Red Onions, Flour & Manure
10th year celebrating International Compost Awareness Week. So Fun.
Happy International Compost Awareness Week!
This year’s theme: Feed the Soil that Feeds Us.


For me, it started in 2017, in New York City…
…hands at work, tearing paper and carrying scraps.


This graphic from the Institute for Local Self-Reliance explains part of the why composting matters:
But for me, the biggest “why” is the sheer joy of the process.


Dried leaves and shredded paper (carbon materials) layered on top of mussels, fruit and vegetable scraps…After some aeration and rest, these ingredients mix and mingle, ultimately returning to enhance the creation of an entirely new garden.1
My kind of bliss.


Since moving to our condo, though, I’ve missed this intoxicatingly beautiful experience. My weekly buckets are cool, but don’t satisfy on a somatic level.
So on Tuesday I visited the Vermont Compost Company and hung out with the all of it.2
Ut Oh - - leeks on the loose!3


And the bliss of purple vegetables and floating flour.
And there’s nothing better than mixing ingredients…to bake bread…

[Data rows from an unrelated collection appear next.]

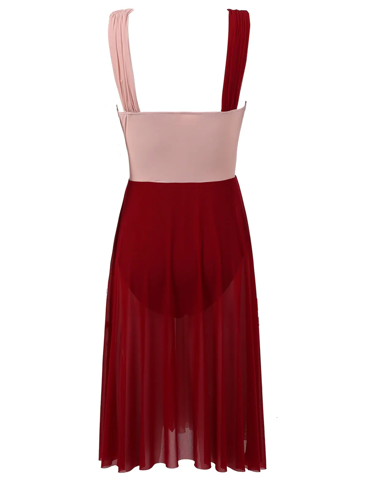 Особенности: Женское лирическое современное танцевальное трико платье для взрослых, хорошая эластичная ткань. Тонкие регулируемые бретельки на бретельках с сетчатым наплечным слоем, с низкой спинкой и цветным блочным дизайном, застежка-липучка. Приталенная многослойная сетчатая юбка с разрезами для элегантного образа, длиной до колена. Пропускающее воздух, мягкое и удобное в носке изделие. Подходит для лирического танца или классического танца, танцевальных упражнений, соревнований и выступлений и т. д. Пожалуйста, проверьте информацию о размере перед покупкой, рекомендуется ручная стирка, машинная стирка.
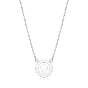 Este colar foi todo elaborado em aço inox, com uma medalha lisa de ferradura, acompanhada de uma corrente de elos portugueses, garantindo beleza e conforto, ideal para o dia a dia. Modelo unissex.
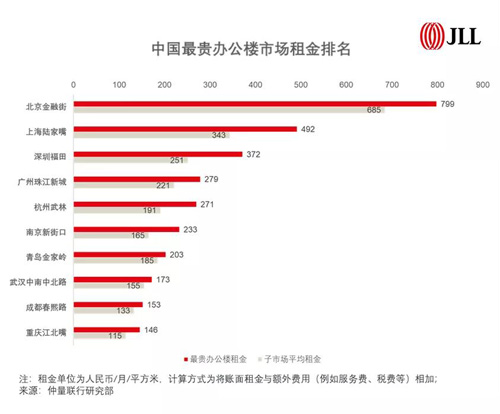 而北京作為中國大陸唯一進(jìn)入榜單前十名的城市,除了金融街、CBD和中關(guān)村,還有多個租金水平靠前的子市場未納入追蹤范圍,如果對比全球最貴辦公樓市場租金水平來看,這些主要商圈也足以進(jìn)入全球前30。

…or to create soil…that feeds our bodies and souls.
Happy Composting, my friends!
With gratitude for you being you,
Lyn
Lilly was a little bored with all my talk about compost this week, but she enjoyed a few moments resting in the sun.
Question:
I’ve been thinking. What if I truly lived more like compost…a few days of glitz and colorful glam, and then lots of time to ruminate with the mess, rest, and recover? And what if compost became our collective guide for finding balance and peace?
What do you think?
Finally, some blooms, hidden behind the holiday cactus.
This photograph is misleading. It’s really important to kill the grass upon which you want to create a garden. I should have put cardboard down first, then put the compost on top of it. I have no idea why I didn’t in this case, but whatever layers I ended up creating must have worked, because this section of the lawn transformed into a lush garden in the next few years. I hope the people now living in our house are enjoying it!
Thank you to Sid Hammer and his team for letting me wander around their site for a few hours. He and I had a great conversation about cameras, photography and ways to represent the beauty of decay. People who work in the compost biz are cool.
Here’s the deal. Those leeks should not be in this compost - - they should have been part of a delicious soup or some other culinary creation. While I am a huge proponent of composting, I also understand that reducing waste in the landfill begins by using the food we grow. Only actual scraps should end up in the compost.
That said, these compost buckets come from local restaurants in Montpelier, Vermont. Given my experience collecting ten tons of biodegradable waste from Umpleby’s Cafe, I know that even the most diligent chefs end up composting good food.
Wouldn’t it be amazing if there was an easy system for capturing all of these resources and sharing them with others? The bottom line - - Our food system is radically inefficient.
In a few weeks I’ll be in Charlotte, NC attending The ReFED Food Waste Solutions Summit, where I hope to learn more about how my photographs can be part of a larger local and national conversation about food waste in all its forms.















Love the idea of regular internal/ mental composting. Doing the work quietly behind the scenes..
Rest and mellow, yes, but not sure I'm ready to break down and nourish the soil on a molecular level just yet!😉. But thanks for the reminder that I could put some paper waste in my compost.